The depression measure was determined by either screening positive for the PHQ2 scale included in the OASIS,13 or screening yes with a different instrument as noted by the OASIS assessor. The prior activities of daily living variables were dichotomized to indicate whether assistance is needed or not. The measure for “Overall patient status” is based on question M1034 on the OASIS instrument, which asks “Which description best fits the patient’s overall status?” Categories include: 0 - stable with no heightened risks for serious complications or death, 1 - temporarily facing high health risks but is likely to return to being stable without heightened risks for serious complications and death, 2 - likely to remain in fragile health and have ongoing high risks of serious complications and death, and 3 - serious progressive conditions that could lead to death within a year. This variable was dichotomized into 0–1 and 2–3 for analysis. The surgical wound variable and the total hip arthroplasty/total knee arthroplasty (THA/TKA) diagnosis variable were noted to have high collinearity, therefore a 3-level variable was created from the surgical wound OASIS variable and THA/TKA primary diagnosis from MedPAR data to include the following 3 values: no surgical wound, a surgical wound from THA/TKA, or surgical wound from other surgery.

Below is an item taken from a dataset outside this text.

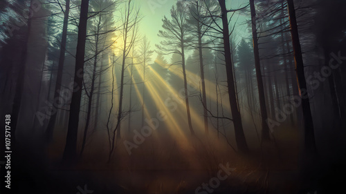 Obraz premium Silent Forest in spring with beautiful bright sun rays
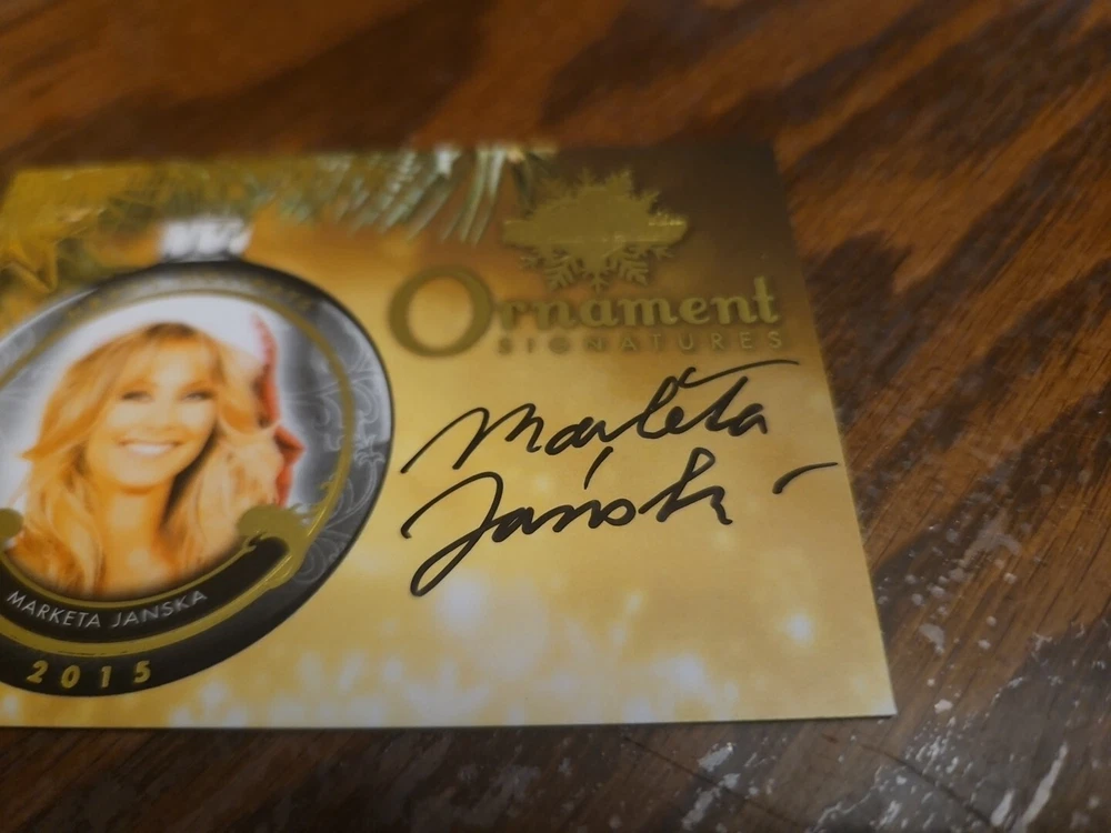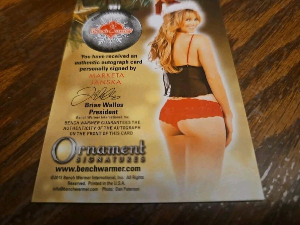 Benchwarmer 2015 Marketa Janska Happy Holidays Ornament Signatures Autograph Card Playboy Playmate Marketa Janska, born in the Czech Republic, is an actress, singer, and songwriter currently living in Los Angeles. She began her career as a model, living throughout Europe, and eventually moved to Los Angeles to pursue her true passions: music and theater. Marketa is a lyrical soprano, and has recorded one EP to date, entitled "How to Stay True". Her songs have been featured in independent films. She appears in various television commercials and films. She enjoys hiking and yoga, which are her two main sources of inspiration. P layboy Playmate of the Month July 2003. Please, look at all the pictures. Please check out my other eBay accounts... https://www.ebay.com/usr/kimmyrael https://www.ebay.com/usr/matlac99 https://www.ebay.com/usr/lacr6837 https://www.ebay.com/usr/malac9440 https://www.ebay.com/usr/lacr_3567 https://www.ebay.com/usr/lacroki8 https://www.ebay.com/usr/lacroki9 Shipping only to the continental US unless you contact me first. Will combine shipping!!!

In total, 53 variables were included for model development. MedPAR variables were used to determine race/ethnicity, dual eligibility for Medicare and Medicaid, index hospital length of stay (LOS), intensive care during the index hospitalization, primary diagnoses, surgical procedures, and comorbidities to determine Elixhauser comorbidity index (ECI) scores. For LOS, the inpatient admission date was subtracted from the discharge date in MedPAR, and only values of one or above were included as inpatient index hospitalizations. For the ECI, the presence of 31 comorbidities are assessed (e.g., heart failure, diabetes, liver disease), with higher scores associated with increased hospital length of stay, charges, mortality, and readmissions. Index hospitalization variables including LOS and the ECI scores were modeled categorically as they took on a limited number of discrete values. For LOS, the referent group was one day, and the referent for ECI was a score of zero.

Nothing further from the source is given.